ISAKOS: 2019 Congress in Cancun, Mexico

2019 ISAKOS Biennial Congress ePoster #812


Laxity and Compliance Monitoring After Primary Anterior Cruciate Ligament Reconstructions with Hamstring Tendons: A 47-Case Prospective Study

Thomas Pouderoux, Angers FRANCE
Adrien Pauvert, Angers FRANCE
Henri E. Robert, MD, Mayenne FRANCE

CH Nord Mayenne, Mayenne, FRANCE

FDA Status Cleared


We monitored laximetry and compliance of hamstring short grafts for ACL reconstruction during the first post-operative year.


Laximetric measurement is widely used for diagnosis of acute anterior cruciate ligament rupture. But, monitoring laximetry and compliance after surgery may be used to survey graft mechanical properties during the ligamentization process.
This study aimed to analyze the evolution of laxity and compliance of hamstring grafts after anterior cruciate ligament reconstruction (ACLR).


47 patients (37 men, 10 women) with a mean age of 28.2 ± 9.6 years, operated for primary ACLR using hamstring tendons (short graft) associated or not with an extra-articular procedure, were enrolled between November 2013 and January 2016. Inclusion criteria were patients with a primary ACL rupture and sufficient follow-up (FU) Exclusion criteria were multi ligamentous injuries, re rupture or insufficient FU. The patients were evaluated with a robotic arthrometer before surgery, then at 15 days, 1, 3, 6, 9 months, 1 year postoperatively and at the last FU. The mean FU period was 14.6 ± 3.0 months.
The side-to-side differences in the anterior tibial translation (Delta L in mm) was measured at 30, and 60 N everytime, 90 N from 3 months and 134 N from 6 months. The scatter plot was modelized with a polynomial trend curve. Graft compliance was defined by the director coefficient of the tangent line at a given point of the force-deformation curve. Differential compliance (Delta C in µm/N) was calculated between operated and healthy knees.
The average values at each time were compared using a paired Student’s t-test.

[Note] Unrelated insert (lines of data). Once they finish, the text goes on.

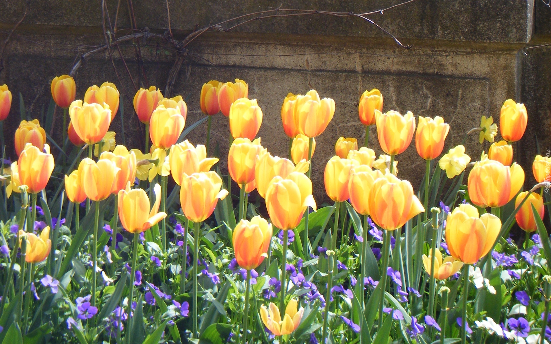 Edytor tapety: Żółte, Tulipany, Mur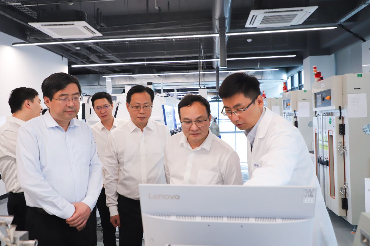 在白马湖实验室展厅,詹敏一行详细了解了实验室空间规划布局建设、核心技术研发攻关及科技成果转化孵化等情况。随后,他实地参观了固态电池等实验室,并与科研人员面对面交流。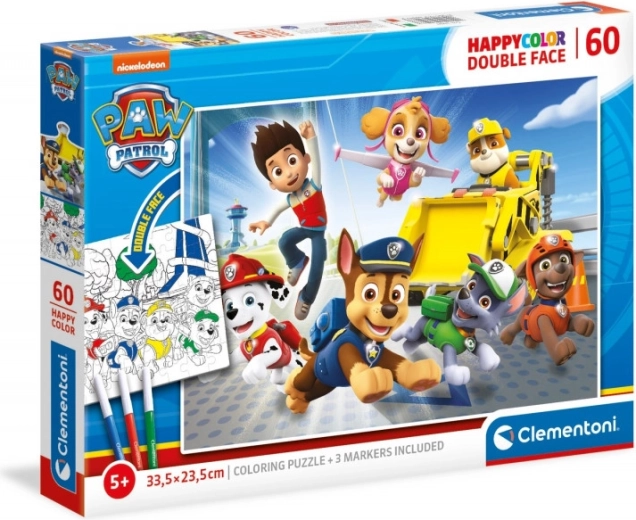 Zábavné a kreativní oboustranné puzzle pro děti od 3 let: z jedné strany barevná scéna s hrdiny PAW PATROL, z druhé strany omalovánka k vybarvení. Součástí jsou 3 barevné fixy pro okamžité tvoření. Kvalitní tisk zaručuje živé barvy a precizní dílky, které rozvíjí logické myšlení, jemnou motoriku a kreativitu.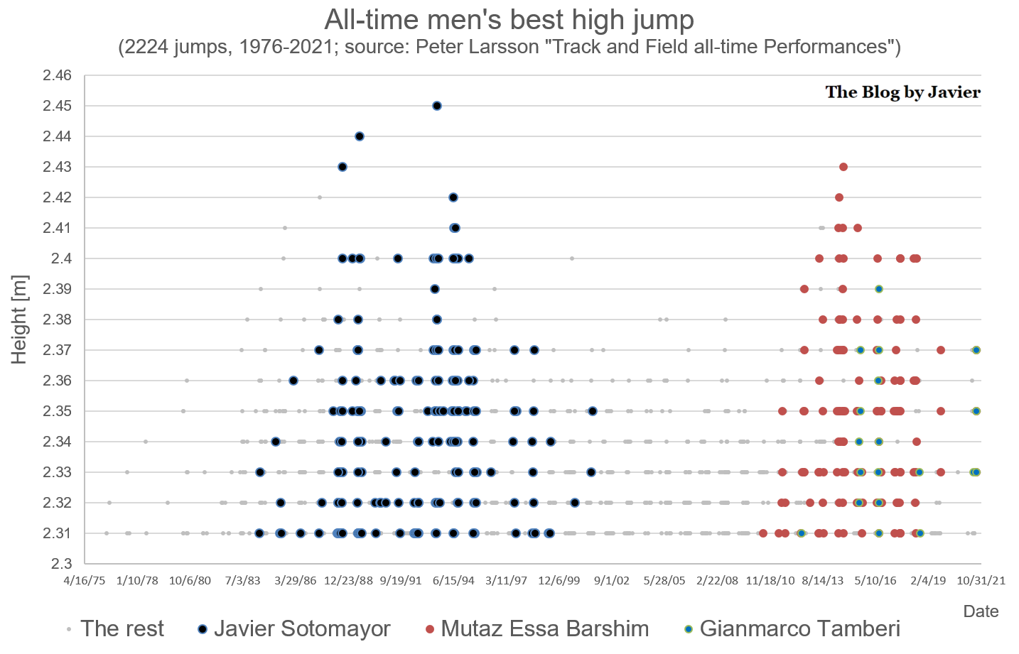 With the data of all-time men’s best high jumps I plotted the chart below with the best 2,224 jumps (jumps from 2.31m and above) and their dates, highlighting the jumps by Javier Sotomayor (who still holds the record), Barshim and Tamberi.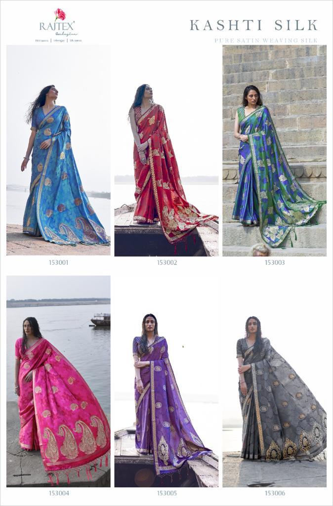 *From the origins and land of Banaras..* *Rajtex is introducing Pure Satin Weaving Silk Sarees, KASHTI SILK ??* *Rate - 1415?* per pcs . * set & loose & Singel * GST 5 Percent Extra. Series - 153001 to 153006. Delivery from today 100+ singles |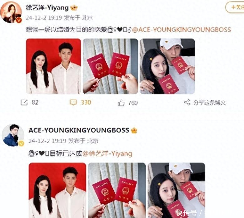 在案牍当中,徐艺洋称思谈一场以娶妻为主义的恋爱,黄子韬称接洽已竣事,并晒出了小两口领证的画面。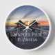 This is the beautiful pier off the coastal town of Naples, Florida. Florida's paradise coast and a popular destination. Historic pier known for fishing, bird-watching, dolphin-spotting & scenic sunset views. Personalized wall clock in trendy white.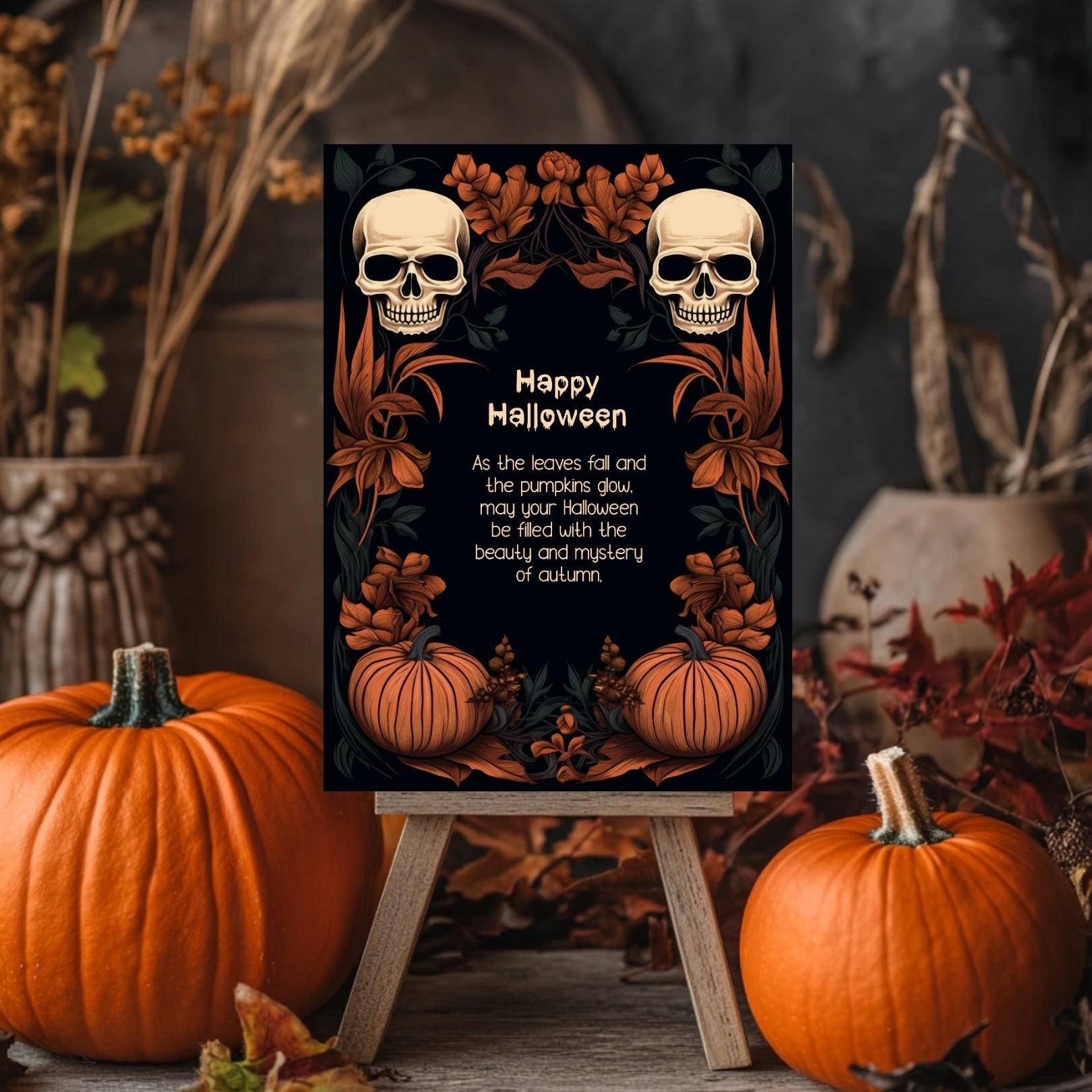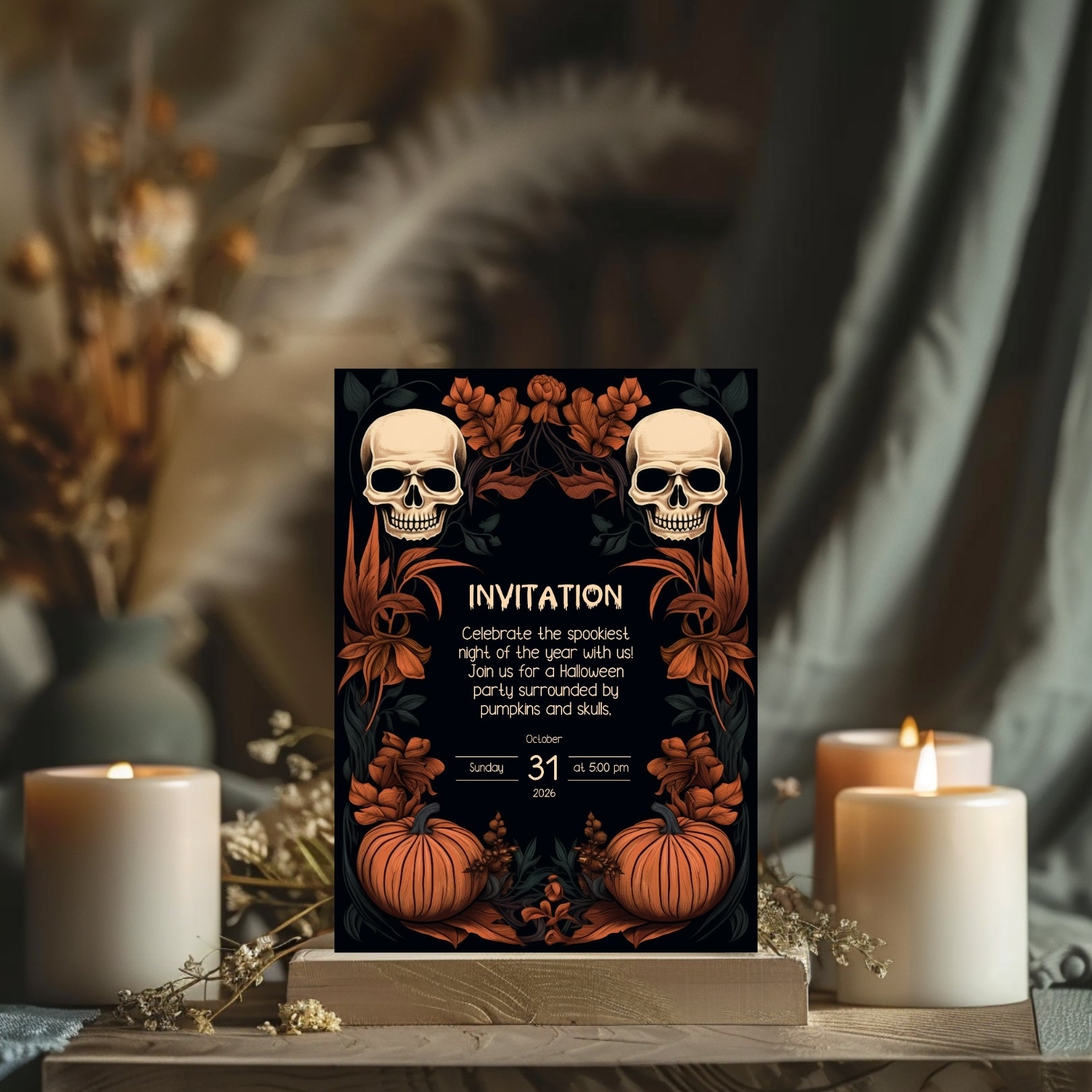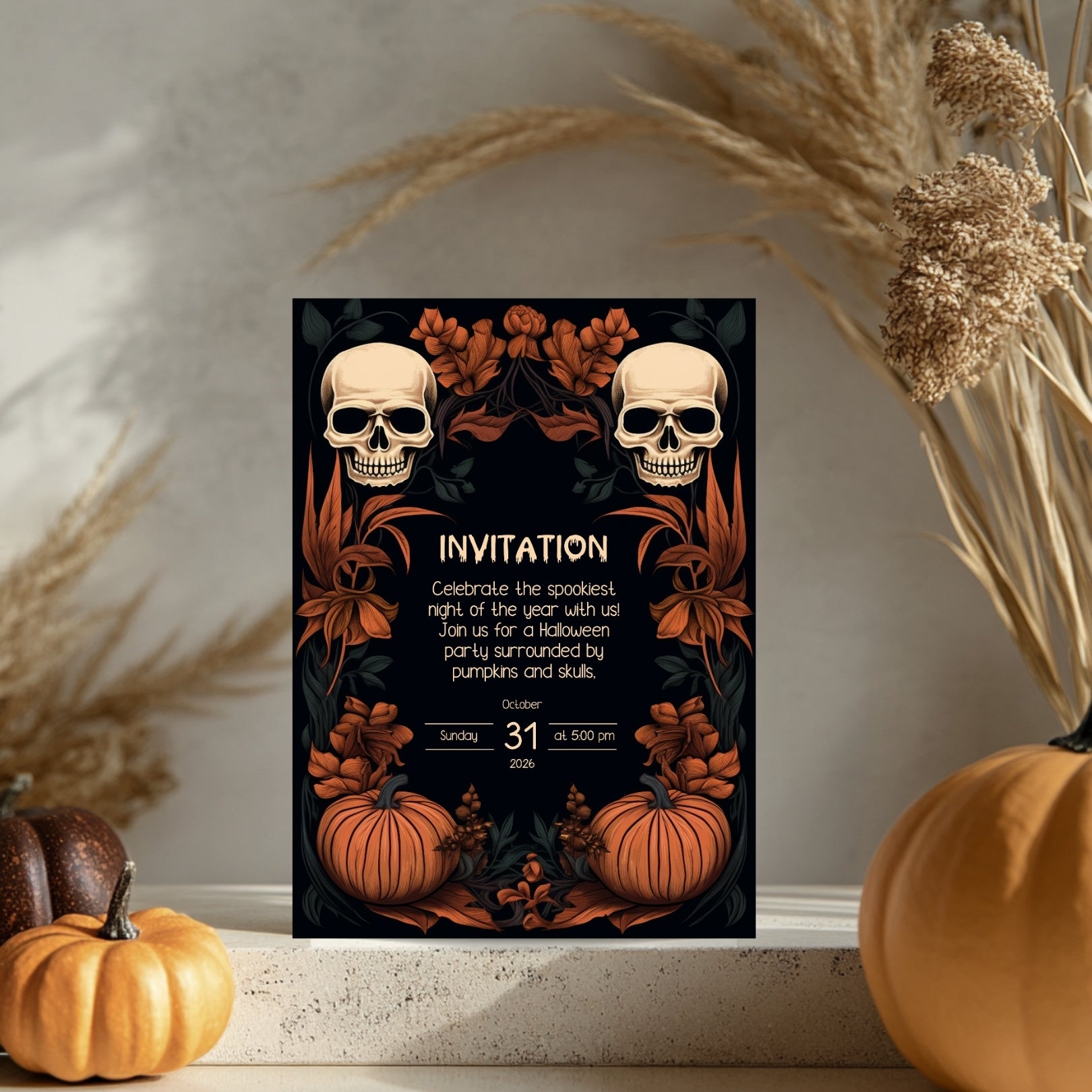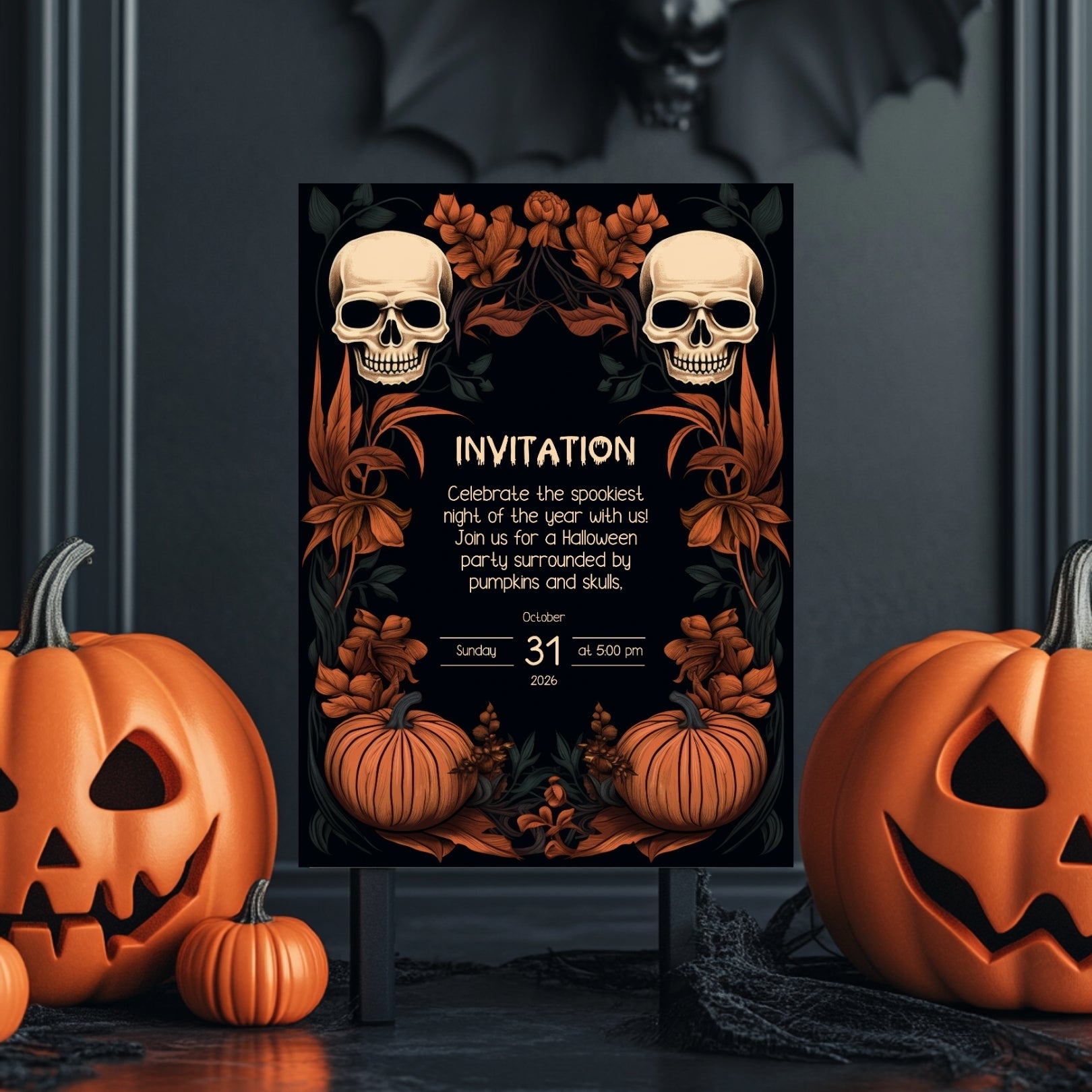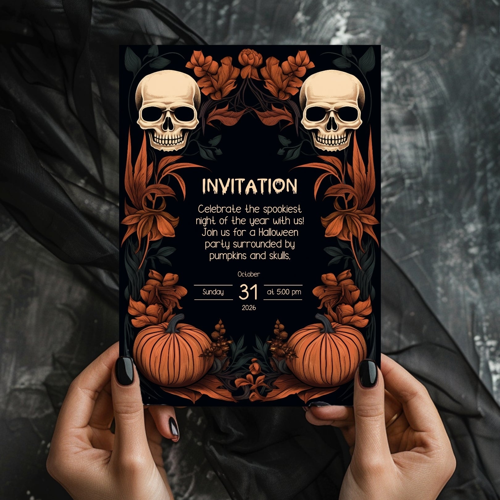✔️𝙎𝙩𝙪𝙣𝙣𝙞𝙣𝙜 𝘿𝙚𝙨𝙞𝙜𝙣: This invitation combines gothic elements with the warmth of the autumn harvest, featuring skulls, pumpkins, and vibrant flowers against a deep black background. The detailed design and rich color palette create a visually captivating piece perfect for any Halloween event.

Preoperatively, average Delta L and Delta C at 134 N were respectively 3.50 ± 1.32 mm and 16.40 µm/N. At the last FU, Delta L at 134 N was 1.44 ± 1.37 mm and Delta C 1.54 ± 6.74 µm/N with a significant difference (Delta L p<0.001 and Delta C p<0.001).
During the FU period, average Delta L and Delta C decreased significantly between preoperative and 1 month postoperative with every strength parameter (at 30N, Delta L: 0.84, p<0.0001; Delta C: 25.94, p<0,001). Between the periods of 1 month and 9 months postoperatively, Delta L increased significantly at 30 N (p=0.02) and 60 N (p<0.001). Delta C increased by 15.22 µm/N at 30 N (p=0.003) and 14.87 µm/N at 60N (p=0.001).
Between 9 months postoperatively and the last FU, there was no significant difference for Delta L and Delta C for every force range.


Our study reported a 3-stage evolution of graft laxity and compliance after ACLR. Between immediate postop and 1 month, we observed a good laxity and compliance restoration. There was a period of fragility between 1 and 9 months postoperatively followed by a stabilization of mechanical properties. The evolution was significative for low ranges of force, wich can be evaluated at each potoperative period. These results are concordant with the biological description of the graft ligamentization process. This study sheds light on a normalization of laxity and compliance after 9 months postoperatively.